◆ Work item ◆
In the records below, find the line with "EPSN预测本届新秀未来入选", then retype it and every following line exactly, stopping after the line with "A bird walk". Leave the pictures out.

◆ Material for this exercise ◆
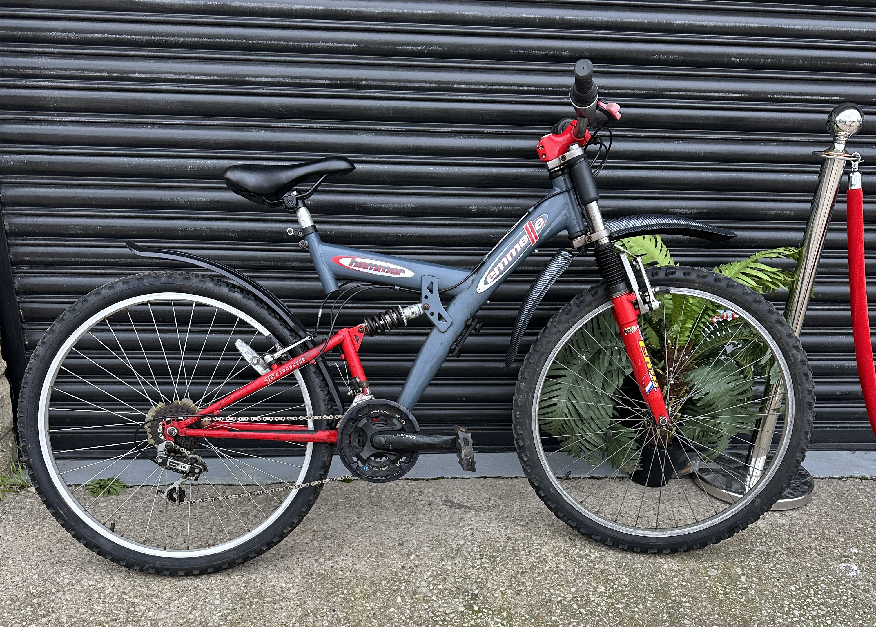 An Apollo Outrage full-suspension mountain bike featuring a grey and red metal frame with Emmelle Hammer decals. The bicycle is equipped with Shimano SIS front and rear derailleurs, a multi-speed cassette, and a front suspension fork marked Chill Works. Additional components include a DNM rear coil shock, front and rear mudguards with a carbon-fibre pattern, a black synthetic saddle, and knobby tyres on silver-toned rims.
---
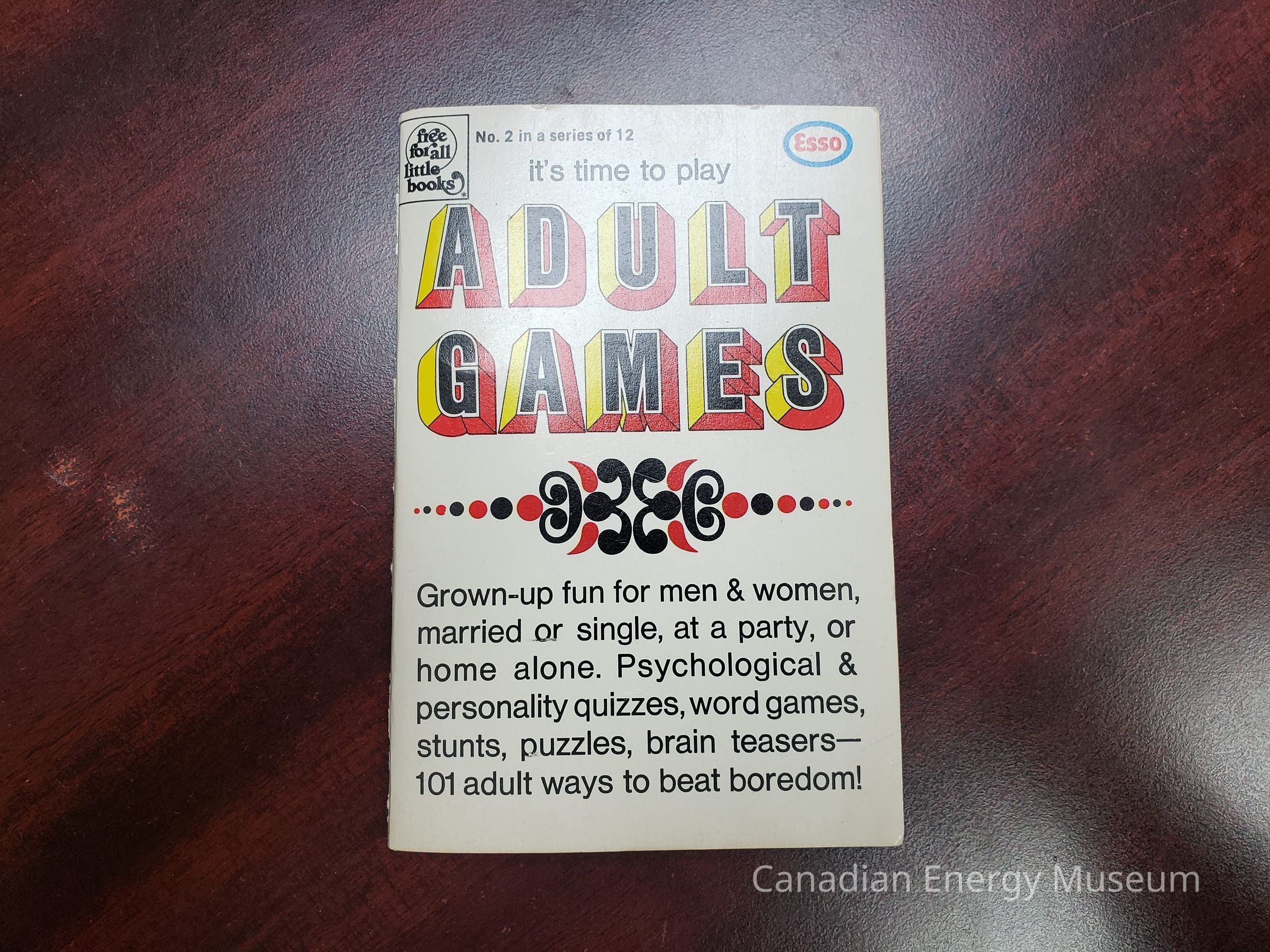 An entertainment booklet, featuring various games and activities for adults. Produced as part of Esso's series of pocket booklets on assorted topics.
---
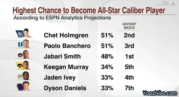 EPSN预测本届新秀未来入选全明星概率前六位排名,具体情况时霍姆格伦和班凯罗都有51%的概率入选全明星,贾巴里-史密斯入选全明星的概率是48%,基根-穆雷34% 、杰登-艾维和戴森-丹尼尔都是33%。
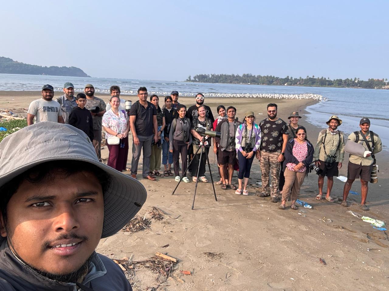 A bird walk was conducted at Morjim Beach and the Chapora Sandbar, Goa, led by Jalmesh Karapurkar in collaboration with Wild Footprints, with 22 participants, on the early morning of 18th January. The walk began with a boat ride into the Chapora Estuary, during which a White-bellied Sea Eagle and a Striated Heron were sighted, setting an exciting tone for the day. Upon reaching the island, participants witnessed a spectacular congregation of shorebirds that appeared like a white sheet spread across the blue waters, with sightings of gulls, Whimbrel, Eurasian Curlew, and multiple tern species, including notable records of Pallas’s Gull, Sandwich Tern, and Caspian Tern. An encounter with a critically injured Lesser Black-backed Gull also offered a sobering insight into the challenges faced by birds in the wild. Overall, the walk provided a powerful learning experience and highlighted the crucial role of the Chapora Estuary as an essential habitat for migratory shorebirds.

◆ Response ◆
 EPSN预测本届新秀未来入选全明星概率前六位排名,具体情况时霍姆格伦和班凯罗都有51%的概率入选全明星,贾巴里-史密斯入选全明星的概率是48%,基根-穆雷34% 、杰登-艾维和戴森-丹尼尔都是33%。
 A bird walk was conducted at Morjim Beach and the Chapora Sandbar, Goa, led by Jalmesh Karapurkar in collaboration with Wild Footprints, with 22 participants, on the early morning of 18th January. The walk began with a boat ride into the Chapora Estuary, during which a White-bellied Sea Eagle and a Striated Heron were sighted, setting an exciting tone for the day. Upon reaching the island, participants witnessed a spectacular congregation of shorebirds that appeared like a white sheet spread across the blue waters, with sightings of gulls, Whimbrel, Eurasian Curlew, and multiple tern species, including notable records of Pallas’s Gull, Sandwich Tern, and Caspian Tern. An encounter with a critically injured Lesser Black-backed Gull also offered a sobering insight into the challenges faced by birds in the wild. Overall, the walk provided a powerful learning experience and highlighted the crucial role of the Chapora Estuary as an essential habitat for migratory shorebirds.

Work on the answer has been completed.